After such anticipation, the colonial hill station of Poona was a disappointment, just another dirty hot Indian city, but we dutifully stopped to sip tea in an outdoor café. As we neared Bombay the traffic became increasingly heavy, the shoulders of the road rougher and road gangs particularly evident. The gangs, as usual, were predominantly female with the men either supervising or sleeping. The women were dressed in very colourful saris with large mirrors attached to their blouses and very long dangling ear rings. It looked just like you or I doing the gardening in a dinner suit or evening gown!
The descent of the Western Ghats after Poona was steep and spectacular. Ascending vehicles were boiling all the way and our brakes were taxed to the limit on the way down. The descent was a series of steep hairpin bends between cliffs and stone walls. At one point there was a large hole in the stone wall and below it a small heap of scrap metal, the remains of an unfortunate vehicle. We arrived in Bombay in the middle of the evening rush hour. The traffic was composed largely of yellow and black taxis which were piloted in suicidal dashes from one intersection to the next. In the confusion, combined with our doubtful navigation, it took about two hours to find the YMCA where we were rather begrudgingly given a room.

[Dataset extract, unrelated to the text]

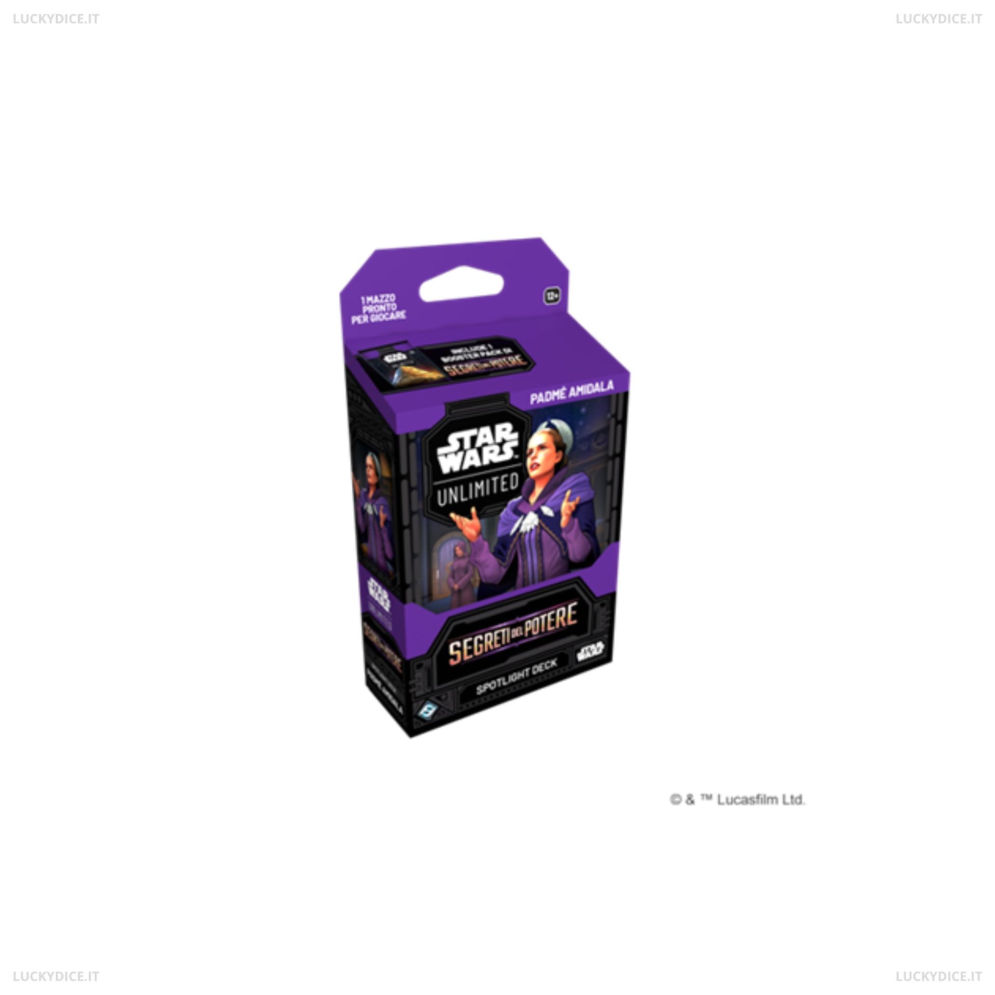 Lo Spotlight Deck: Padmé Amidala è la scelta perfetta per chi vuole iniziare a giocare a Star Wars™: Unlimited o arricchire la propria collezione con un mazzo tematico già pronto all’uso. Al suo interno troverai una carta leader dedicata a Padmé Amidala e un mazzo precostruito di 50 carte studiato per sfruttare al meglio le sue abilità, combinando carte provenienti da diversi set e includendo quattro esclusive disponibili solo in questa confezione. Oltre al mazzo, la scatola contiene una carta base, tre carte segnalino a due lati, ben 31 gettoni per gestire danni e risorse, e un booster pack dell’espansione Segreti del Potere per personalizzare e potenziare la tua strategia. Facile da imparare e immediatamente giocabile, questo Spotlight Deck offre un’esperienza completa e coinvolgente, permettendoti di affrontare fin da subito emozionanti battaglie uno contro uno nell’universo di Star Wars.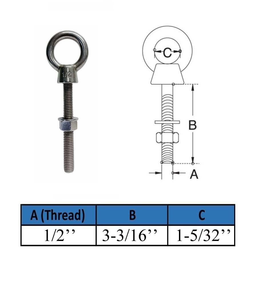 - 4 Pcs Marine T316 Stainless Steel 1/2" x 3-3/16" Shoulder Eye Bolt 2,200 Lbs WLL

It was 10 days since we had landed at Rameswarem.
Bombay was a filthy, squalid city. The waterfront with its monumental Gateway to India was quite attractive, but its fringes consisted of countless ugly, multi-storey concrete housing blocks set in what appeared to be reclaimed tidal swamps. Our immediate need was to attend to the car as it was not running well. I found that the distributor points were out of adjustment and rectified that. In doing so, I noticed that the alloy generator bracket had fractured along an old weld – apparently this was a chronic problem. There were no Fiat 600 parts available in India, but the Fiat agent found a specialist in the bazaar who could weld alloy. This is not an easy operation, but this fellow simply squatted down in the dirt and completed the repair without difficulty. As our trip proceeded, we would come to appreciate the skill and ingenuity of Indian mechanics. The welded bracket completed the journey to London without further problems.
The range of motor vehicles in India at that time was very limited as imports were not allowed and only local products were available, with long waiting lists. Only three types of car were manufactured in India. The cheapest was the Standard Herald, based on a Triumph model of the same name. More common were the Fiat 1100Ds, widely used as taxis in Bombay. The luxury model was the Hindustan Ambassador, based on the mid-1950s Morris Oxford. Most of the large trucks were Tatas, which appeared to be an old Mercedes Benz model made under license. The ubiquitous three wheeled autorickshaws were assembled from Lambretta motor scooter parts. The popular motorcycles were the Czech Jawa and British Royal Enfield models. Spare parts for other vehicles, including our Fiat 600, were non-existent.
With our chores completed, we took a launch to Elephanta Island to see some quite impressive Hindu rock temples and transferred to the more agreeable Salvation Army Hostel. Our arrival in Bombay was badly timed as it was a weekend and most things were closed. Since there was nothing to hold us longer, we decided to head north along the trunk road towards Delhi.